Haven’t we heard that one before? After Batman Begins, Nolan was uncertain he’d
return. Following The Dark Knight he told Empire, “I’m not sure I’ll do another.”
Chris always has a plan, as Jonah Nolan likes to say. And yet, like all those who
work with Nolan, we sense that this time he really does mean it.
Although Christian Bale isn’t quite so sure. “My understanding is that this is the
last one,” he begins. We sit together in his trailer in Manhattan, shortly after he’s
removed his Batman armour following one of the hero’s final battles, against Bane.
“I think it’s appropriate, it’s going out at the right time. But, look, Chris always
plays his cards very close to his chest so I...” Bale catches himself. Why the
hesitation?
“I’ve had that experience with another thing of thinking a fourth one could work
and it didn’t really happen — and that’s — a thorn in my side. So if Chris came to
me with a script and said, ‘You know what? There is another story,’ then I would
love the challenge of making a fourth one work.”
The Dark Knight Returns, perhaps? Could Nolan and Bale take the route Frank
Miller once took in his celebrated series and one day show us a much older
Batman? “That could be an interesting one, couldn’t it? Twenty years down the
track.”
———
It ends with a beginning. Christopher Nolan’s first-ever feature, in fact: Following,
shot on the hoof and a shoestring during weekends while Nolan and his friends-
and-family cast toiled at their day jobs. Find it on DVD. Go to Chapter 4, 00:22:27.
Look at the door to the flat, in real life actually the home of the actor playing ‘The
Young Man’, Jeremy Theobald. There, in plain view, is a Batman logo.

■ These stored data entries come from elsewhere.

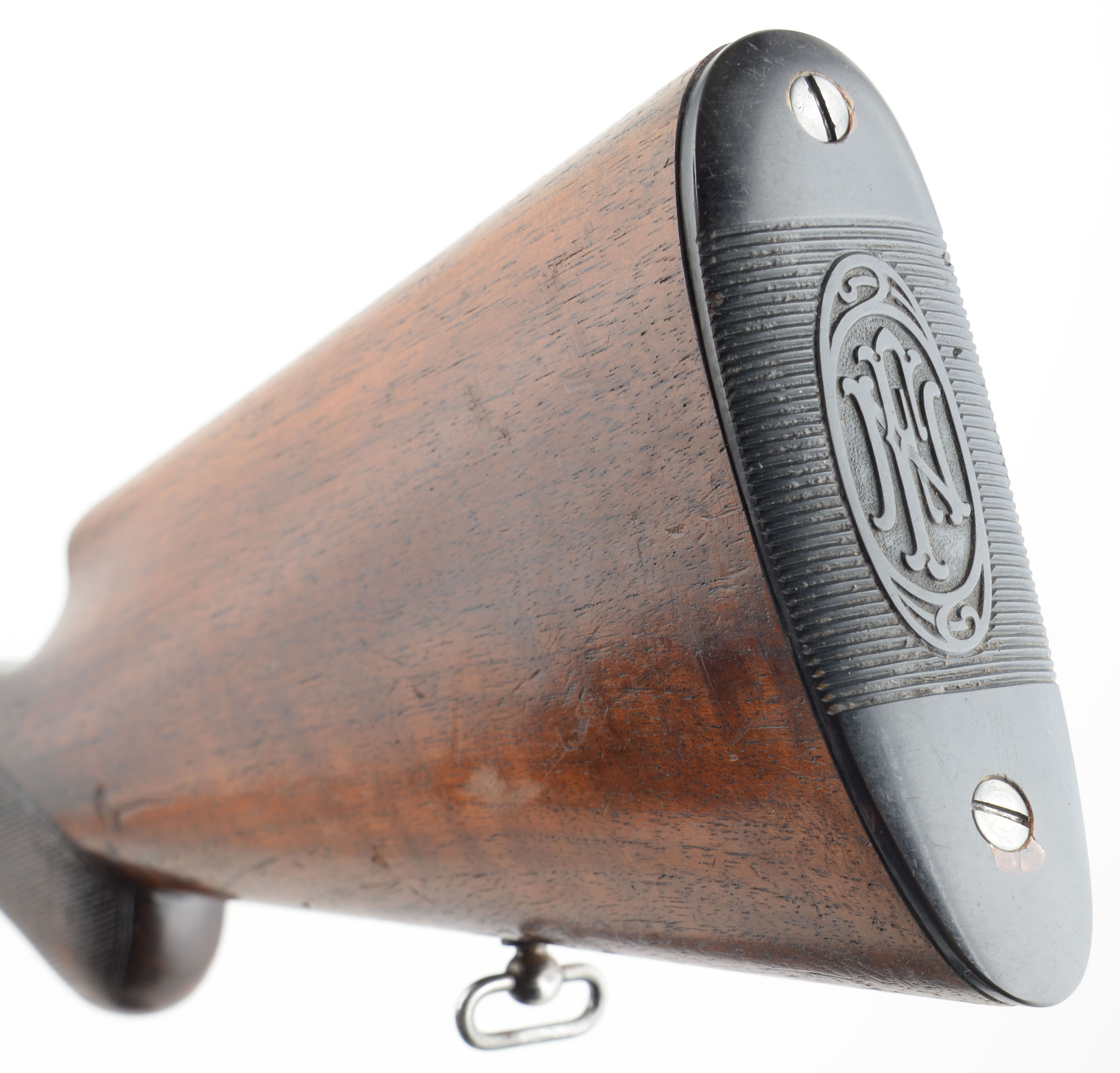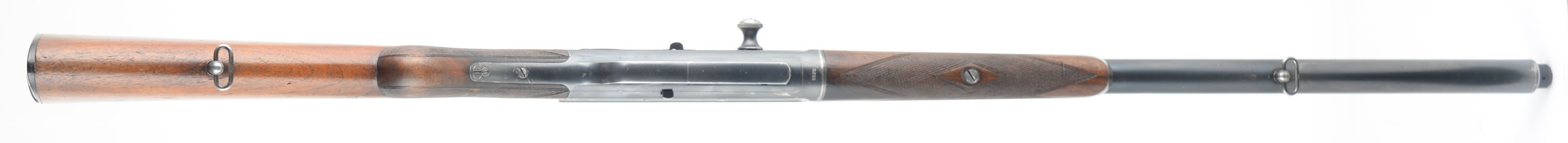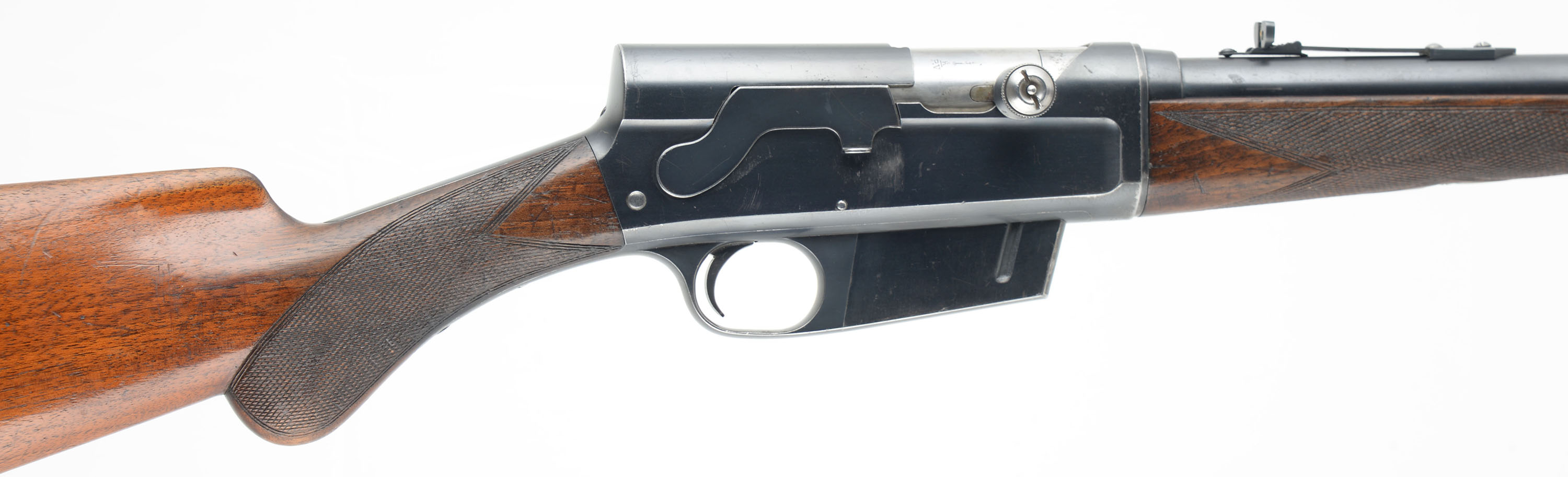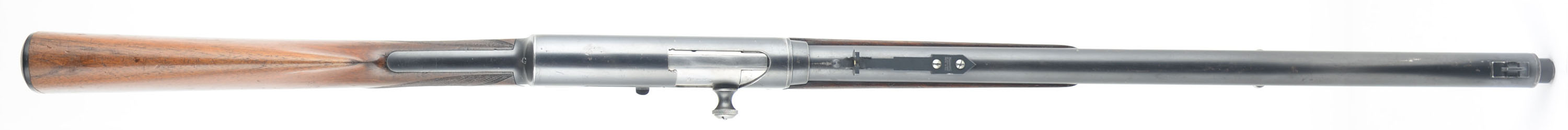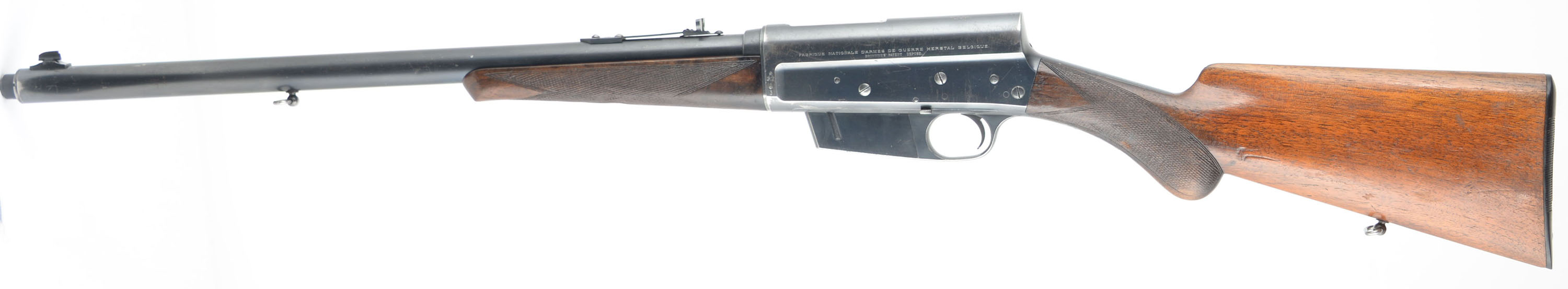 RARE FN (Fabrique Nationale), Model 1900 No-Rib Variation, .35 Rem Cal., MFG. 1910-36, SN: 2011, Semi-Auto Rifle, 22'' barrel, In Belgium it was known as ''La Carabine Automatique Browning'', in Germany it was the ''Selbstladebchse Browning Kaliber 9mm'', but in the U.S. we know it simply as the F.N. 1900. Records indicate only 4,913 Model 1900's were ever produced. While records indicate 2909 rifles were produced for the years 1910-21, with no allocation to a particular year during that time, it is likely that SN 2011, a mid 1910's production rifle. This rifle, invented by John Browning, was one of Europe's first successful semi auto high-power rifle. FN obtained the rights to produce the rifle as early as 1902, however, they chose to focus their production efforts on the A5 shotgun, which they acquired production rights to at the same time. They correctly viewed greater consumer sales potential in the A5. By 1904 restrictive importation tariffs into the U.S. caused Browning to negotiate with FN to allow manufacture of his shotgun within the U.S. The Remington Arms Co. was eager to work with John Browning & acquire the rights to manufacture both his autoloading shotgun & his autoloading rifle. FN was first to introduce the long-recoil shotgun (A5), but it was Remington that first produced John Browning's long-recoil rifle in 1906, dubbed the ''Autoloading Rifle'' or more commonly known today as the Model 8. If the Remington Model 8 is the grandfather of American semi-automatic sporting rifles, the F.N. 1900 is its European twin. The FN model 1900 was marketed throughout the world except the U.S., while the model 8 was intended for the U.S. market. Production comparisons place the model 8 at around 70,000, nearly a 14 to 1 difference. Since the FN was not sold in the U.S. market, few examples of the limited 4913 total produced are found amongst collectors in the U.S. It is known that some were vet bring-backs from two World Wars & at least a few were imported by Val Browning into the US. Since the FN was exported to Canada, some have made their way south of the border. Regardless of how they arrived, they are rare & very desired amongst Remington 8 & 81 collectors. Produced with old-world craftsmanship, these rifles are a testament to Fabrique Nationale's word-wide reputation for manufacturing high quality firearms. It doesn't take long to notice there were probably more hours of labor involved in producing the FN over the Remington. A close inspection & disassembly of both rifles will reveal a significantly superior fit & finish with the Belgium made version, even over early production Model 8s. The FN came in two versions, neither of which were a higher grade than the other. One version, the most common, had a solid barrel rib running the length of the jacket, the other rarer variation had a standard barrel jacket like the Model 8 with no rib. This example is one of rarer mid production variations without the rib. These take-down rifles were often broken down into the 22'' & 20'' halves & placed into travel cases. The rifle has an English walnut round knob pistol grip stock & schnabel tip forend. Hand cut factory checkering is 20 lines-per-inch, with the early 1st style forearm checkering pattern. All hand fit & assembled. To that point, stocks do not always interchange one rifle to another & factory LOP can vary by as much as a full inch. The stocks original condition is excellent, with thinning finish wear, minor handling scuffs, scratches & contusions. The original metal blue finish is approximately 85% overall, with blue thinning at the carry points of the receiver & barrel, along with some minor scratches & abrasions. The left side of the receiver carries the factory roll stamp & proof markings. Bore is very good. Barrel is fitted with a Marble's rear sight & Marble's 37M elongated blade front sight. Original FN buttplate. Factory sling loops. Tight smooth action & functions as it should. An overall excellent & eye catching example of this rare & highly collectible mid production rifle. FFL or C&R Req. - Value: 3000 to 5000
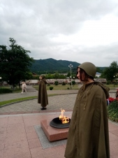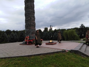 Дежурили у Вечного огня от получаса до часа, два добровольца несли Вахту памяти, стоя у Вечного огня.
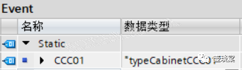 电气控制柜作为一个控制对象,上述数据类型中的数据为电气控制柜的事件,所以其实例化数据是在全局数据块Event中建立对应电气控制柜的实例化数据,如下图的示例一样。
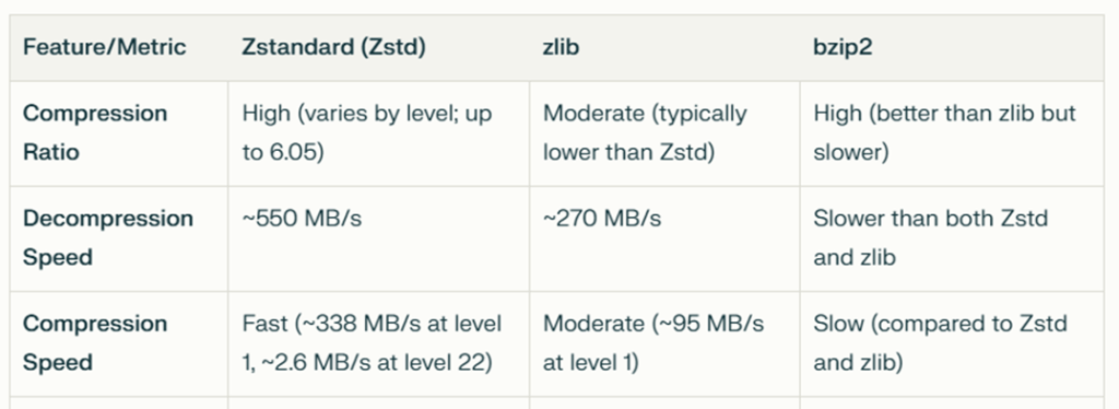 In Oracle Database 23ai, significant improvements have been made to Hybrid Columnar Compression (HCC), with the default compression method now utilizing Zstandard (Zstd) instead of the previous algorithms, zlib and bzip2. But what exactly is Zstandard, and how does it differ from zlib and bzip2?
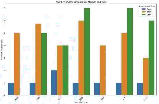 Following the analysis of student assessment scores, attention is put to the types and frequency of assessments conducted across different modules, as illustrated in
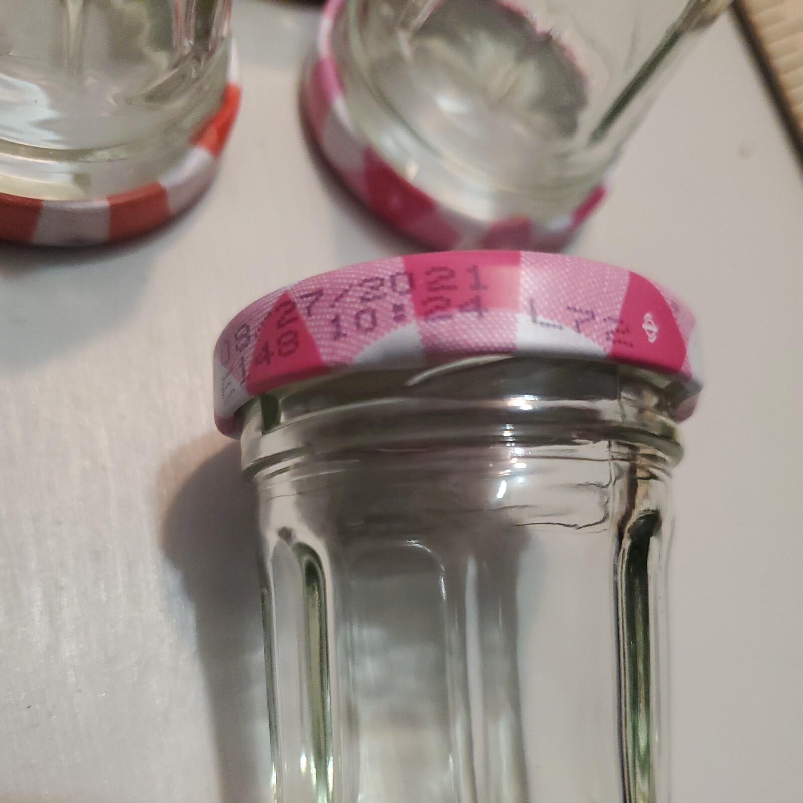 как выглядит Lot of 5 Mini Jars Bonne Maman France 1 Oz Empty Glass Crafts Storage Pink lids. фото

Empire reminds Christopher Nolan of this odd fact and wonders if he’s
superstitious enough to see it as a black-and-yellow omen of his rise to power in
Hollywood.
Nolan smiles.
“Pure coincidence! I’m not superstitious. It is kind of an odd thing when you
screen that film for an audience and that logo’s there. Luckily, I haven’t been sent
a cease-and-desist letter from DC Comics...” He laughs. “I’ve never actually asked
Jeremy why he had that on his door, to be honest. I probably should at some
point.”
We have asked: Theobald simply bought and stuck it up in 1989, the year Tim
Burton’s Batman dominated pop culture. “Right,” acknowledges Nolan. “That
symbol is very evocative. There’s something about it that’s just never gone away
and that’s really what we’ve been tapping into with these movies. There’s
something about the character that’s elemental. He’ll be around forever.”
And Nolan himself will be around for a very long while yet, we suspect.
Questioning the accepted way of mounting blockbuster pictures. Resisting
homogeneity. Taking the harder options. Meeting the challenges. “Completely
unwavering, unswerving,’’ says his brother. “He just keeps on trucking.”